Here are the top ten reasons that America's Most Smartest Model is the best show ever:
1.) Most of the male models are really, really ridiculously good looking. AND dumber than a bag of hammers. The perfect combination! (That was a joke, don't call me a man-hater.)
2.) Most of the female models are butterfaces. (That means that they might have nice, albeit too thin, model bodies, but their faces are "Ewwww!") It's kind of nice to watch a show about models and be able to think, "You know if I stopped watching all this TV and exercised a little, I could lose weight and be at least as attractive as some of these models."
3.) These women are supposedly runway models and half of them are about as graceful on the catwalk in their high heels as a hippopotamus would be...if it was pregnant and wearing high heels. Somebody is either going to break an ankle or fall off the runway--or both.
4.) One of the judges is Ben Stein! BEN STEIN! I want to marry him and have his super-smart, deadpan babies. (Don't tell Steve.)
5.) There is a lot of tension in the co-ed house. Judging from the season previews, there are a lot of arguments on the horizon. I don't know if you've noticed this, but watching stupid people engaged in a battle of wits is hilarious.

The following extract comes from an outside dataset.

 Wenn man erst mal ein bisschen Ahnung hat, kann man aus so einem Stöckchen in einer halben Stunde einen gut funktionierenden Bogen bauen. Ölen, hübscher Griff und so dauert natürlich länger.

6.) At the end of the show, the models who aren't cutting it get sent packing. They aren't "voted off the island." They aren't "eliminated." They aren't "fired." They are "purged." (Models purge. Get it? Get it? Well, I bet they don't!)

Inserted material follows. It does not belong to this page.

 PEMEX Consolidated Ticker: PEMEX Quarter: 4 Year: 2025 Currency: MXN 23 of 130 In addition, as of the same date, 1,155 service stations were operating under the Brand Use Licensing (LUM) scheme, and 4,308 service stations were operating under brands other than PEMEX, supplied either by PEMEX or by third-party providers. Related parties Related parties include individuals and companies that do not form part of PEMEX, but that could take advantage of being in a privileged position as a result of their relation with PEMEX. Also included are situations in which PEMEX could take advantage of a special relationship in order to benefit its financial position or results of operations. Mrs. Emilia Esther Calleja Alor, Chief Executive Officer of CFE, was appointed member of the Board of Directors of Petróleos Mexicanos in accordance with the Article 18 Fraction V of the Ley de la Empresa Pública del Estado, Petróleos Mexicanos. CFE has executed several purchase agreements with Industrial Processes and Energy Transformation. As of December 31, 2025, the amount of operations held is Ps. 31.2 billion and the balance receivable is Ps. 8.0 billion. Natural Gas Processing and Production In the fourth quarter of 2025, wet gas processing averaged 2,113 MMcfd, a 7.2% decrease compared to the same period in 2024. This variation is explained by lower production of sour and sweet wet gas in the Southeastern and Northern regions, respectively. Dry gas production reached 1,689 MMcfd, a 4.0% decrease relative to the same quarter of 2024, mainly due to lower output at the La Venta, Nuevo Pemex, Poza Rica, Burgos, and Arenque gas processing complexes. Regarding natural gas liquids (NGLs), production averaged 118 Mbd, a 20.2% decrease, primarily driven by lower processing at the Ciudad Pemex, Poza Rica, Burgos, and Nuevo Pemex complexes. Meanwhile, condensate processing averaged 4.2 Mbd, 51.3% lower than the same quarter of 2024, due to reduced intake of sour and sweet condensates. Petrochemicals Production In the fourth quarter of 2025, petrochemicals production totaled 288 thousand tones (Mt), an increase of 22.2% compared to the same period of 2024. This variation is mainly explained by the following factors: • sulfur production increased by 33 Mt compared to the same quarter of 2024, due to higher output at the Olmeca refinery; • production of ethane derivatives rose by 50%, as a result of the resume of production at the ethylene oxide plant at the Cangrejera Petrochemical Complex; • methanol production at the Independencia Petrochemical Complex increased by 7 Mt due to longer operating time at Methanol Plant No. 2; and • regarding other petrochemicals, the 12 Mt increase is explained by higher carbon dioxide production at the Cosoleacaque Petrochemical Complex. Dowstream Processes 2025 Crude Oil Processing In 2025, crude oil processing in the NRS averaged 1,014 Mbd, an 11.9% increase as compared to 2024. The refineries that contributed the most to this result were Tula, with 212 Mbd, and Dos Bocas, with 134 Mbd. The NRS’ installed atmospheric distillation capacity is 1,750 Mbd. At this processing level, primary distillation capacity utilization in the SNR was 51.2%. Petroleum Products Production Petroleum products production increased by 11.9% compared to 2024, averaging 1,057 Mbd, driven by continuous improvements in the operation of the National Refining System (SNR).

7.) During one of tonight's competitions, one of the models was told she must name as many Things That Are Round as she could as she walked the runway. She proceeded to repeat "Balls, Cherries, Balloons, Tires" over and over as she clomped around the catwalk. AND SHE GOT TO STAY IN THE COMPETITION! Yes, there were at least two people who were worse than the "Balls, Cherries, Balloons, Tires" girl. Awesome.
8.) It's like a real life Zoolander, but without the tiresome brainwashing storyline to muck up the awesome-itude. (I bet none of these dufuses can go left.)

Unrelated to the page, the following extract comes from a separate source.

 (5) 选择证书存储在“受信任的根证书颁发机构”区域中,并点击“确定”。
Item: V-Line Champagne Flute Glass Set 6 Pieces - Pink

10.) It's a show about models that is guaranteed to improve your self-esteem.
If you noticed that my top ten list was missing a number, you are smarter than America's Most Smartest Model. Put together. (Yes, that was on purpose too.)
6 Comments:
I know it isn't nice to make fun of stupid people, but I can justify it for two reasons.
1.) They cannot possibly be this stupid in real life. They HAVE to be amping it up for the show. If they were really this dumb, they would be cartoons.
2.) I can just use words like vapid, vacuous, and imbecilic. They won't be hurt because they won't know they're being insulted.
By Unknown, at 11:58 PM
Your description of this show almost makes me want to get a TV. Mostly because Ben Stein is one of the judges and he rocks.
By Unknown, at 8:55 PM
I wonder if contestants on America's Most Smartest Models try to look up the meaning of the 'word verification' in the dictionary.
This comment's word verification is srqltzk - surely they would at least grab a foreign dictionary :o)
By Unknown, at 8:58 PM
Jenny, I think you're giving these models too much credit. There's no way they know how to use a dictonary.
By Unknown, at 10:43 PM
gina, you musn't think badly of making fun of stupid people.... think of it this way...you're giving them purpose in life...yeah, that's the ticket. otherwise well.. they'd just be stupid.
By Anonymous, at 6:57 AM
As Forest Gump says....stupid is as stupid does....I guess they can't get a realy job.